The BBC tech show Click bought a botnet to show how at risk we are for cyber crimes. The botnet consists of 22,000 hijacked PCs around the world and was purchased over the net through a chat room.
The Click team will show how effective spamming can be done with a botnet already of that small size.
After 2 hours of running their experiment the test email addresses used started filling up with thousands of junk emails.
Click also went on to test out a Distributed Denial of Service (DDoS) attack on a backup site owned by security company Prevx.
Click then ordered its slave PCs to bombard its target site with requests for access to make it inaccessible. Click managed to overload the site with just 60 PCs
Click reported that Computers from the US and the UK go for about $350 to $400 (£254-£290) for 1,000 because they’ve got much more financial details, like online banking passwords and credit cards details.
What would be interesting is how popular this is or could become in the SEO world. We have already seen the term Anti or Negative SEO thrown about, and some say it is becoming increasingly popular as normal SEO becomes increasingly harder.

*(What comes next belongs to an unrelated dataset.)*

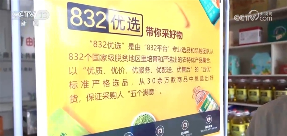 總臺央視記者 蔣樹林:這里是永順當?shù)氐囊粋€農(nóng)村電商公共服務中心,很多“土特產(chǎn)”都通過“832平臺”走出大山,擺上貨架的產(chǎn)品都要嚴格符合五優(yōu)標準,即優(yōu)質(zhì)、優(yōu)價、優(yōu)服務,特別是優(yōu)配送、優(yōu)售后。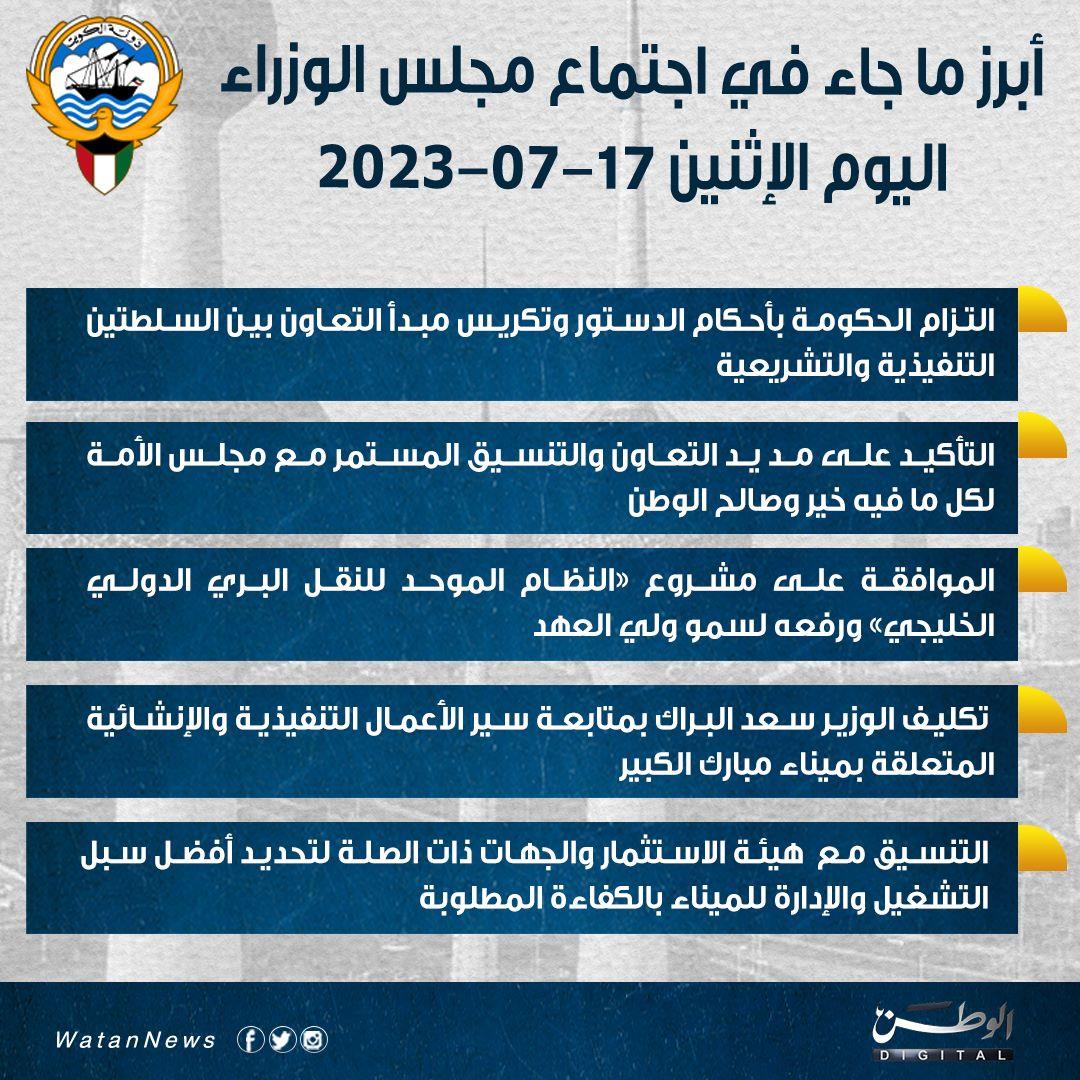 ومجلس الوزراء يجدد تأكيد حرصه على مد يد التعاون والتنسيق المستمر مع مجلس الأمة لكل ما فيه خير وصالح الوطن والمواطن.

Being able to buy 1,000 computers for less than £300 that can carry out a DDoS attack sounds like a reasonably affordable investment for the unscrupulous people out there.
Obviously it would look a little suspicious if you targeted multiple websites that you compete with but it quite possibly would be cheaper and just as effective as trying to link spam a competitor.
Obviously you would like to think people would not sink this low but this is unfortunately not the case with some “Craphat SEOs” even hacking into school websites to inject porn links.